Cybersecurity is fast becoming a critical business strategy - and if it’s not, it should be. Many businesses hold information that poses a significant risk to both businesses and their customers if the data they hold is not safeguarded from cybersecurity threats. 

The Australian Signals Directorate’s latest Cyber Threat Report reported that:

• There were 87,000 cybercrime cases across Australia last year.
• For small businesses, the average cost of a cyber incident is now approximately $49,000.

It is therefore important that business owners think about cybersecurity and things that they can implement to reduce their risk as business owners and employers.

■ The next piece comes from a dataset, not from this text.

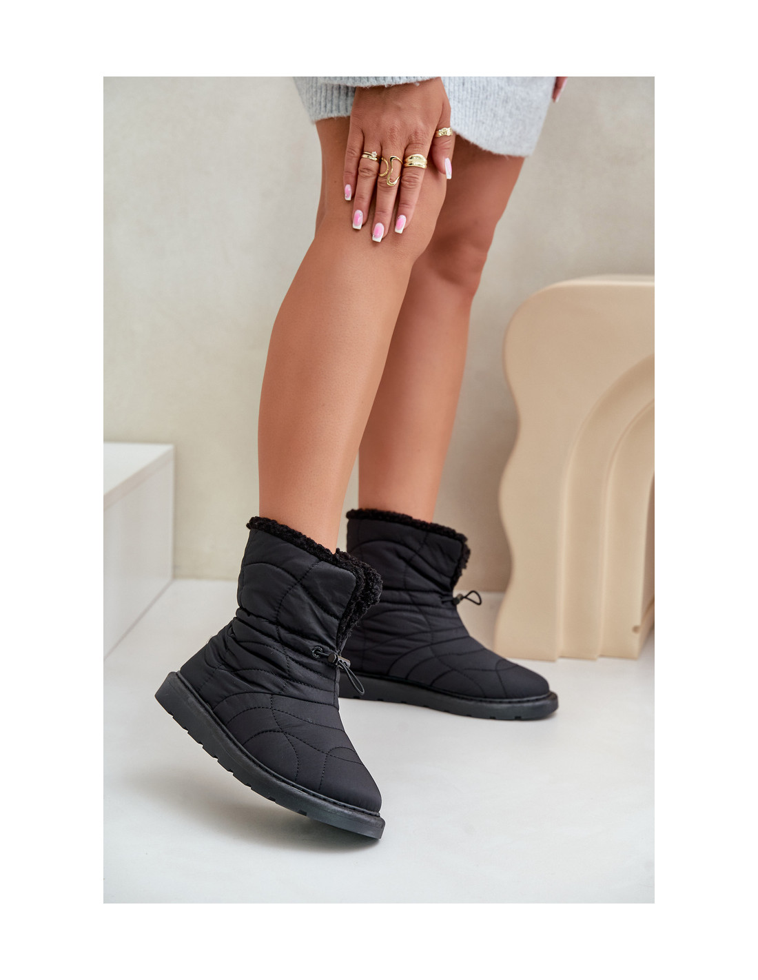 Sniego batai su siūlėmis viršutinėje dalyje yra stilingas ir funkcionalus pasirinkimas žiemos dienoms. Užsegamas modelis su raišteliu užtikrina patogų užsidėjimą ir prigludimą prie kojos. Avies kailiu apšiltintas vidus garantuoja šilumą ir komfortą net ir šalčiausiomis dienomis. Puikiai tinka žiemos pasivaikščiojimams, madingą išvaizdą derina su praktiniais sprendimais. Renkantis dydį, vadovaukitės dydžių lentele.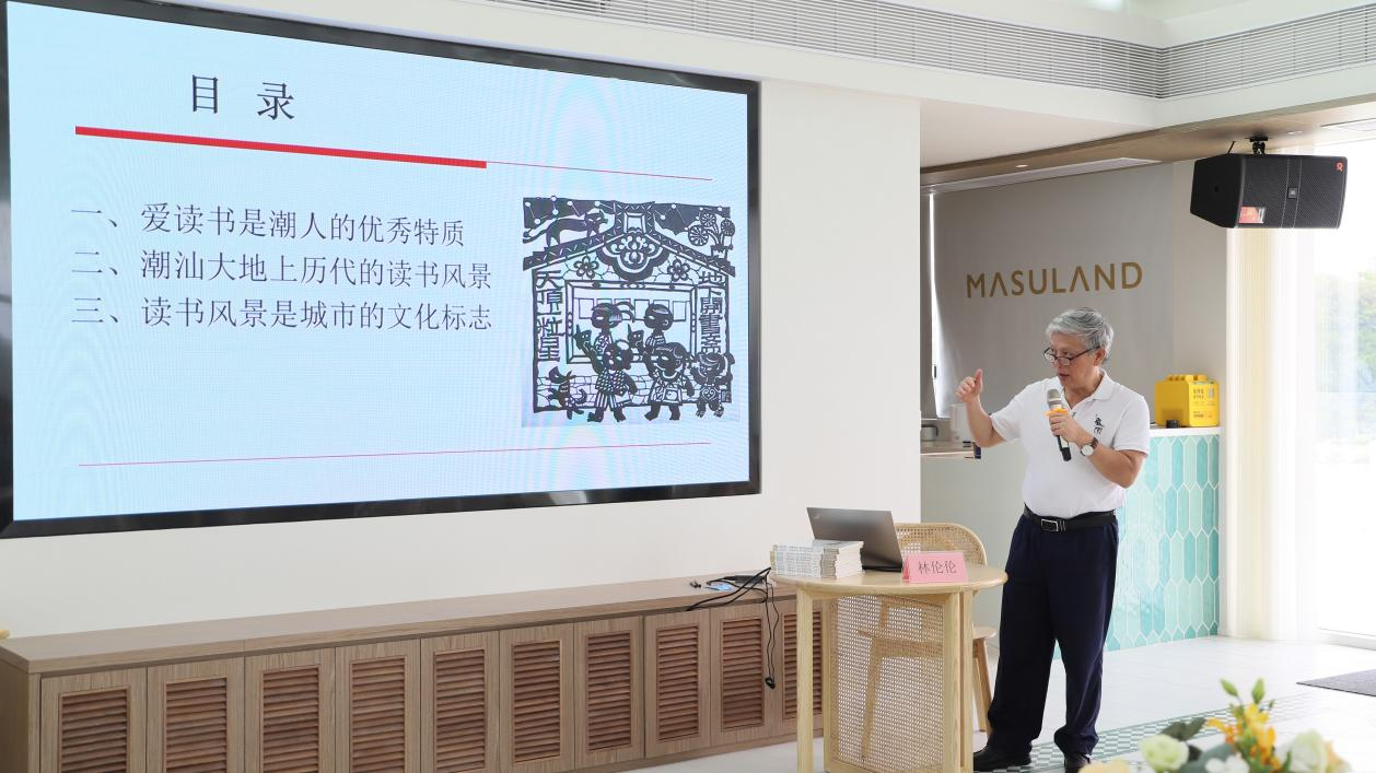 活動現(xiàn)場,吳少青為林倫倫教授頒發(fā)集團(tuán)投控學(xué)堂“榮譽(yù)導(dǎo)師”聘書。隨后,林倫倫教授分享了他精心準(zhǔn)備的課題《讀書的風(fēng)景和城市的視野與格局》。從潮汕先賢文人、到潮汕歷代讀書風(fēng)景、再到城市文化發(fā)展,林倫倫教授認(rèn)為,只有越來越多的人發(fā)自內(nèi)心的愛讀書,讀好書,才能提升整座城市的文化氣息?!巴犊貙W(xué)堂媽嶼藍(lán)合勝書店學(xué)習(xí)基地”不僅僅是員工學(xué)習(xí)交流的活動陣地,更是一個宣傳汕頭城市文化的窗口,他提出,學(xué)習(xí)基地可以融合學(xué)習(xí)、交流等多種功能,從而打造一個舒適的讀書空間和文化空間,讓來到這里的人們進(jìn)一步感受到文化的魅力。一場精彩的文化交流課,也在現(xiàn)場引發(fā)了精彩的智慧交流和思想碰撞。在互動環(huán)節(jié),部分員工提出了關(guān)注的問題并得到林倫倫教授精彩的解答。

People: The Biggest Cyber Risk

But where does your cyber strategy start, and how do you know what the risks are? The biggest risk to Australian businesses is their people. More than 85% of all cybersecurity incidents are caused by human error. The top three incident types all rely on staff and business decisions to gain access to systems, meaning it is more important than ever to conduct regular staff training. 

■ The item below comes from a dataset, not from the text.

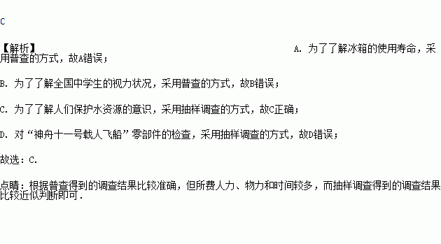 A. 为了了解冰箱的使用寿命,采用普查的方式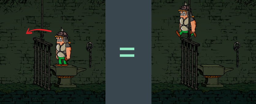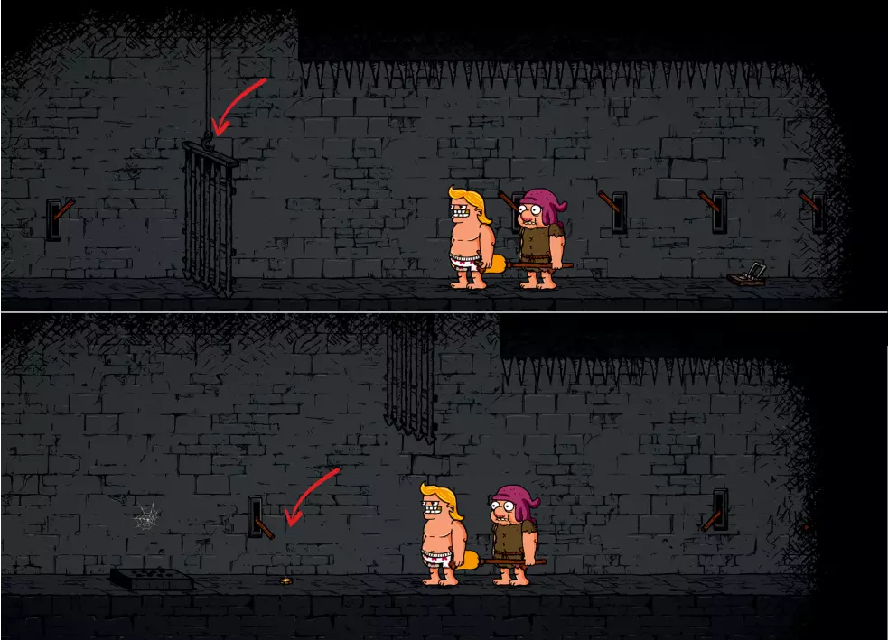 建议 - 使用香蕉皮或速度药水,以便在被压到之前及时拿到物品。没有它们的话,角色无法及时拿到物品并跑出去。 第二种方法 - 用等重的东西代替物品放在那里。 这种情况下,陷阱完全不会触发,你可以安然带着战利品离开。 或者放一个重量相近的物品 - 这样陷阱还是会落下,但速度会比平时慢。这能让你在被抓住之前带着战利品逃跑。 还有另一种陷阱——杠杆陷阱。要打开格栅,需要按正确的顺序按下杠杆。 杠杆有个小技巧——注意按下杠杆的速度,游戏会通过这种方式提示正确的顺序。正确的顺序总是从最“慢”的(需要先按)到最“快”的(最后按)。不想费功夫的话,只要拿个小东西直接从栅栏缝里扔到杠杆上就行。哨子、蜗牛、老鼠、眼球,甚至腰包里的硬币都可以。

Business owners and their staff should be able to identify phishing attempts, understand what to look for in malicious emails and content, and know how to maintain healthy password practices.

Technology and Updates: Don’t Let Legacy Systems Create Weaknesses

Another considerable business risk is legacy hardware and software being used in the business environment. It might seem like a small frustration, turning your computer off for updates regularly, and using the latest versions of software, replacing hardware to align with required standards, but it works to close the gaps of security vulnerabilities. 

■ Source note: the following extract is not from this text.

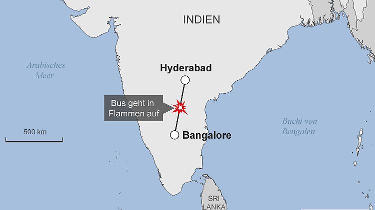 Bei einem schweren Busunglück sind in Südindien mindestens 44 Menschen ums Leben gekommen. Der Bus krachte auf der Autobahn zwischen den Städten Bangalore und Hyderabad gegen die Absperrung des Mittelstreifens. Laut der Polizei explodierte der Benzintank und das Fahrzeug ging in Flammen auf. Unter den Todesopfern waren den Angaben zufolge auch Kinder.

Visibility and Monitoring: Detecting Threats Early

Realistically, you cannot defend what you cannot see. An important safeguard is event logging, reporting and alerting being setup in your business environment. 

Setting up appropriate logging and alerts to ensure that you are notified when something risky, like logging in from Australia at 10am and Japan at 11am, is happening inside your environment. Understanding when unauthorised access to systems has occurred is critical in being able to then assess the potential scope of an incident, so it can then be managed.

The Importance of a Cyber Security Policy

A Cyber Security Policy might seem like another piece of paper, but it is critical in ensuring that business owners and their staff understand what needs to be done to protect the business’s devices and information. A good cybersecurity policy should outline:

• Technology and assets that need to be protected.
• Threats to those assets.
• Rules and controls for protecting those assets and the business.
• The type of information that employees can share.
• Acceptable use of devices and online materials.
• How to handle and store sensitive information.
• How to detect and respond to cybersecurity incidents.

Business.gov.au provides useful information on preparing a Cyber Security Policy for a business: https://business.gov.au/online-and-digital/cyber-security/create-a-cyber-security-policy

The Australian Signal Directorate also provides useful guides and checklists for small business owners in cybersecurity: https://www.cyber.gov.au/business-government/small-business-cyber-security/small-business-hub

ATO Recommendations

The ATO recently published an article on Cybersecurity best practices and practical tips for business owners. For business owners to help protect their employees, the ATO recommends that business owners talk to staff about:

• Setting up their myID - this is their digital armour when accessing ATO online services through myGov. Set it up to the highest identity strength; the higher the strength, the more protection.
• Downloading the ATO app - this manages their tax and super easily while receiving real-time alerts when changes are made to their account. If something doesn’t look right, they can lock their account instantly and follow the prompts to secure it.

To help protect their business, business owners should adopt a cyber safe culture with these simple habits:

• Keep devices updated - install software updates regularly to stay protected against the latest threats.
• Use strong, unique passphrases - combine four or more random words like 'ocean lamp tiger cloud' and add special characters or numbers for extra strength (avoid quotes, personal details or predictable phrases).
• Turn on multi-factor authentication (MFA) - this adds an extra layer of security to your accounts by requiring two or more forms of ID (like passphrases and biometrics).